ColAtt‐Net: In Reducing the Ambiguity of Pedestrian Orientations on Attribute‐Aware Semantic Segmentation Task

Semantic segmentation has become one of the trending topics in the world of computer vision and deep learning. Recently, due to an increasing demand to solve a semantic segmentation task simultaneously with attribute recognition of objects, a new task named attribute‐aware semantic segmentation has been introduced. Since the task requires to handle pixel‐wise object class estimation with its attributes such as a pedestrian's body orientation, previous works had difficulties to handle ambiguous attributes such as body orientations in object‐level, especially when segmenting the pedestrians with their attributes correctly. This paper proposes the ColAtt‐Net that is an attribute‐aware semantic segmentation model augmented by a column‐wise mask branch to predict the pedestrians' orientations in the horizontal perspective of the input image. We firmly assume that the pedestrians captured by a car‐mounted camera are distributed horizontally so that for each column of the input image, the pedestrian pixels can be labeled with one orientation uniformly. In the proposed method, we split the output of the base semantic segmentation model into two branches; one branch for segmenting the object categories, while the other one, as the novel column‐wise attribute branch, is to map the recognition of pedestrian's orientations that are distributed horizontally. This method successfully enhances the performance of attribute‐aware semantic segmentation by reducing the ambiguity on segmenting the pedestrian's orientation. Improvements on the pedestrian orientation segmentation are confidently shown by the proposed method in the experimental results, both in quantitative and qualitative views. This paper also discusses how the improved performance becomes an advantage in the autonomous driving system. © 2020 Institute of Electrical Engineers of Japan. Published by Wiley Periodicals LLC.
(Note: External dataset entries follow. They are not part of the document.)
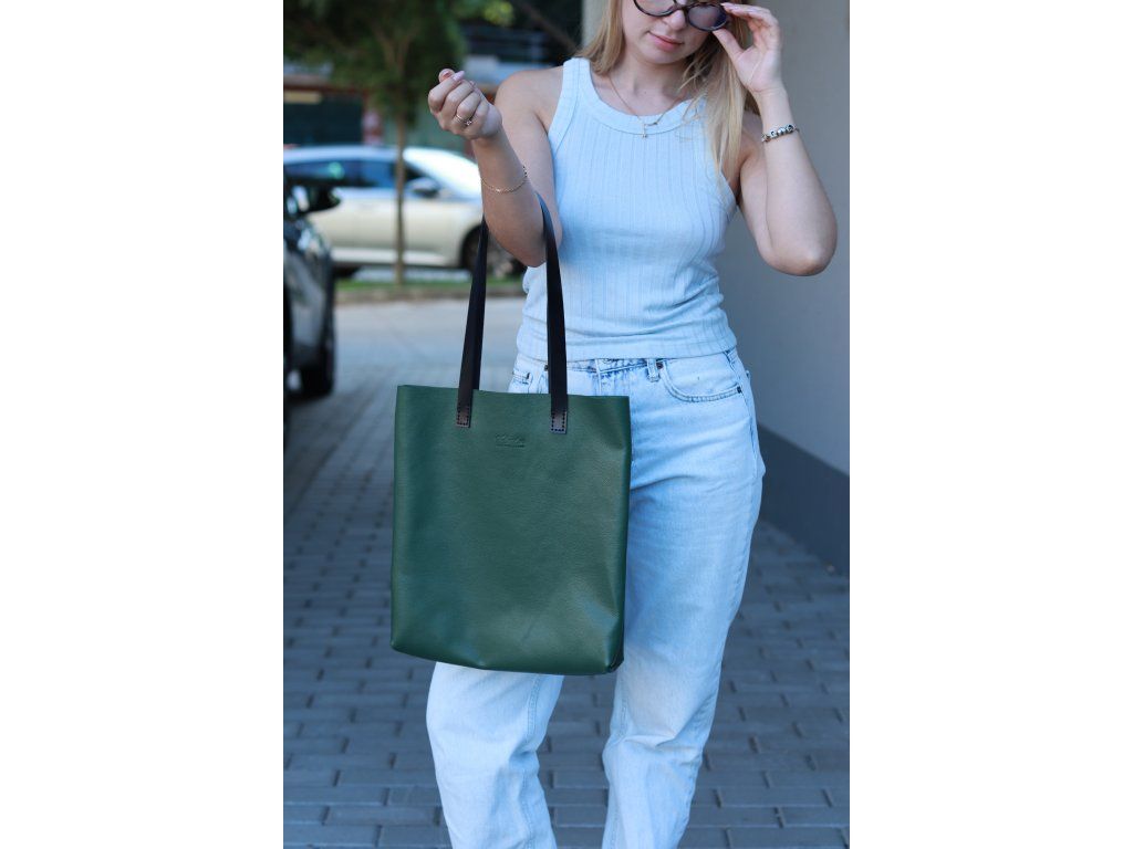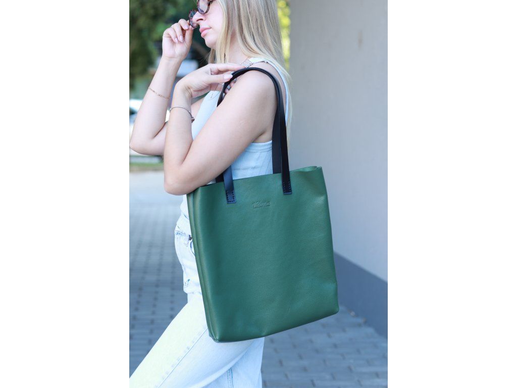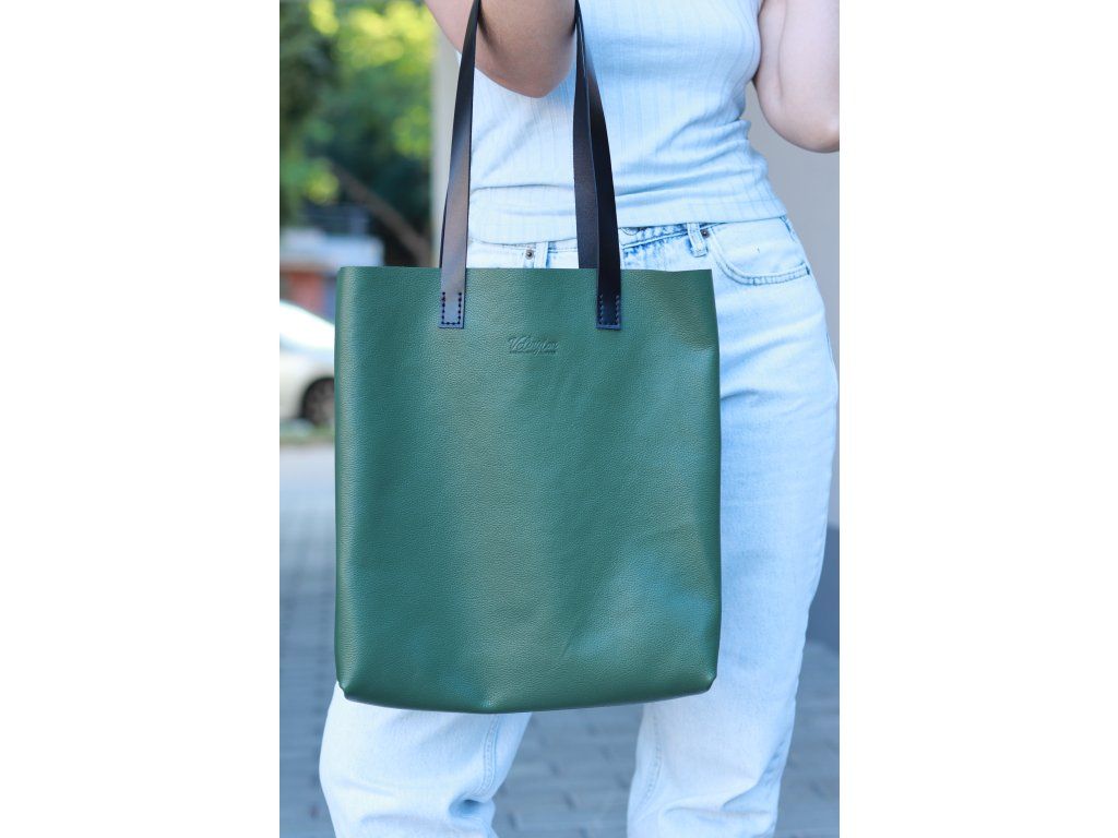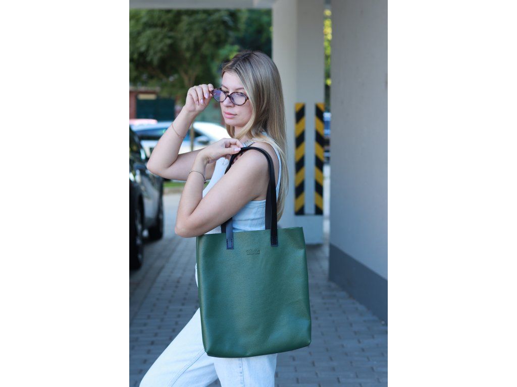 Kožená shopper kabelka, zelená
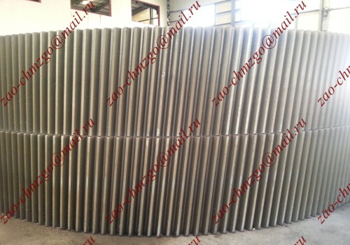 Предлагаем венцы для мельницы углеразмольной Ш-50 ч.№313740И1. Венцы стальные разъёмные состоят из 2-х секторов, зацепление косозубое,модуль m=20, число зубьев z=244. Наружный диаметр венца 4943.7 мм, внутренний диаметр венца 3850 мм. полная ширина венца 800 мм. Предлагаем также шестерни приводные №13736,модуль m=20, число зубьев z=41 и вал-шестерни №15292И1,стенку торцевую заднюю №В132-0910И1-0 и стенку торцевую переднюю №В132-09С8И1-0 к мельнице Ш-50. Изготовим приводные шестерни к венцам (косозубое или прямозубое зацепление до m=50).
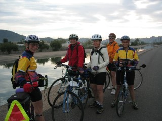 | we had very comfortable weather all day, overcast & never out of the 70's. the route thru phoenix was quite painless. we had been encouraged to travel in slightly larger groups so that everyone would have help keeping on the route. it took lots of attention to the map & route sheet to negotiate all the turns correctly. |
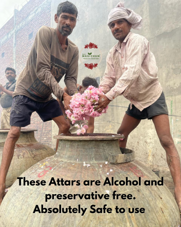 At Saru’s Magizham, we took immense efforts in procuring the Purest form of Floral Attar that you ll ever try.The Authenticity can be felt the moment you open the bottle.And The Fragrance of the Attar lasts really long.
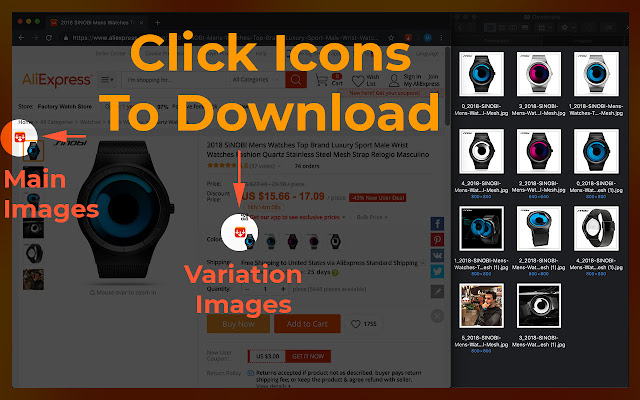 您将能够以尽可能最好的质量一键下载产品图片!

[1]  Hiroshi Murase,et al.  Performance Boost of Attribute-aware Semantic Segmentation via Data Augmentation for Driver Assistance , 2020, 2020 8th International Conference on Information and Communication Technology (ICoICT).

[2]  M. D. Sulistiyo,et al.  Attribute-Aware Loss Function for Accurate Semantic Segmentation Considering the Pedestrian Orientations , 2020, IEICE Trans. Fundam. Electron. Commun. Comput. Sci..
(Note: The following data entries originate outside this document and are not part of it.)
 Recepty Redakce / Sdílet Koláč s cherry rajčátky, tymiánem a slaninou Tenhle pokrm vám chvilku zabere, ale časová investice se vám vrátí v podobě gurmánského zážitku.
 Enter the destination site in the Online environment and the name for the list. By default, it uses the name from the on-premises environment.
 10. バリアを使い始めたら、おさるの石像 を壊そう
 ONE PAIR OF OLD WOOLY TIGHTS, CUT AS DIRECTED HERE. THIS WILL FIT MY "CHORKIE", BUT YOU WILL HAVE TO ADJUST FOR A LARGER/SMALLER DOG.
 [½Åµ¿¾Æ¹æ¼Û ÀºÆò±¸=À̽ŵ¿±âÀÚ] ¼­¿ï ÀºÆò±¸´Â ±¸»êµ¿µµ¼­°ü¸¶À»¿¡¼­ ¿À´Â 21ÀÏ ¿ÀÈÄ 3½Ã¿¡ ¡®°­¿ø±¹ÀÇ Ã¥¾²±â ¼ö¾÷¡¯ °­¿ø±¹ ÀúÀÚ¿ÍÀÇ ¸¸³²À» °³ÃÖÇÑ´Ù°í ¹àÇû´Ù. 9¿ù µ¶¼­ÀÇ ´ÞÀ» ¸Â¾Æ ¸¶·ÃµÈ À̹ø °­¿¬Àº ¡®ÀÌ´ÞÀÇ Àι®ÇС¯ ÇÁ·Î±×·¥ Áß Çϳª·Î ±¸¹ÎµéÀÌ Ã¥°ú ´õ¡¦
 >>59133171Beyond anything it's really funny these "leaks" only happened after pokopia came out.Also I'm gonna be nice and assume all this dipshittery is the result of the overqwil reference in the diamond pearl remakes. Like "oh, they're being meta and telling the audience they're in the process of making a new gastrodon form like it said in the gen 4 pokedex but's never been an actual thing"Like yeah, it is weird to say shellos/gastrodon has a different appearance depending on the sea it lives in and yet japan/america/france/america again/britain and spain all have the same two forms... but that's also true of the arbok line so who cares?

[3]  Hongsheng Yin,et al.  Deep Semantic Segmentation of Kidney and Space-Occupying Lesion Area Based on SCNN and ResNet Models Combined with SIFT-Flow Algorithm , 2018, Journal of Medical Systems.

[4]  Hironobu Fujiyoshi,et al.  Estimation of Driver's Insight for Safe Passing based on Pedestrian Attributes , 2018, 2018 21st International Conference on Intelligent Transportation Systems (ITSC).

[5]  Haiqiang Chen,et al.  Road segmentation for all-day outdoor robot navigation , 2018, Neurocomputing.

[6]  Daisuke Deguchi,et al.  Attribute-aware Semantic Segmentation of Road Scenes for Understanding Pedestrian Orientations , 2018, 2018 21st International Conference on Intelligent Transportation Systems (ITSC).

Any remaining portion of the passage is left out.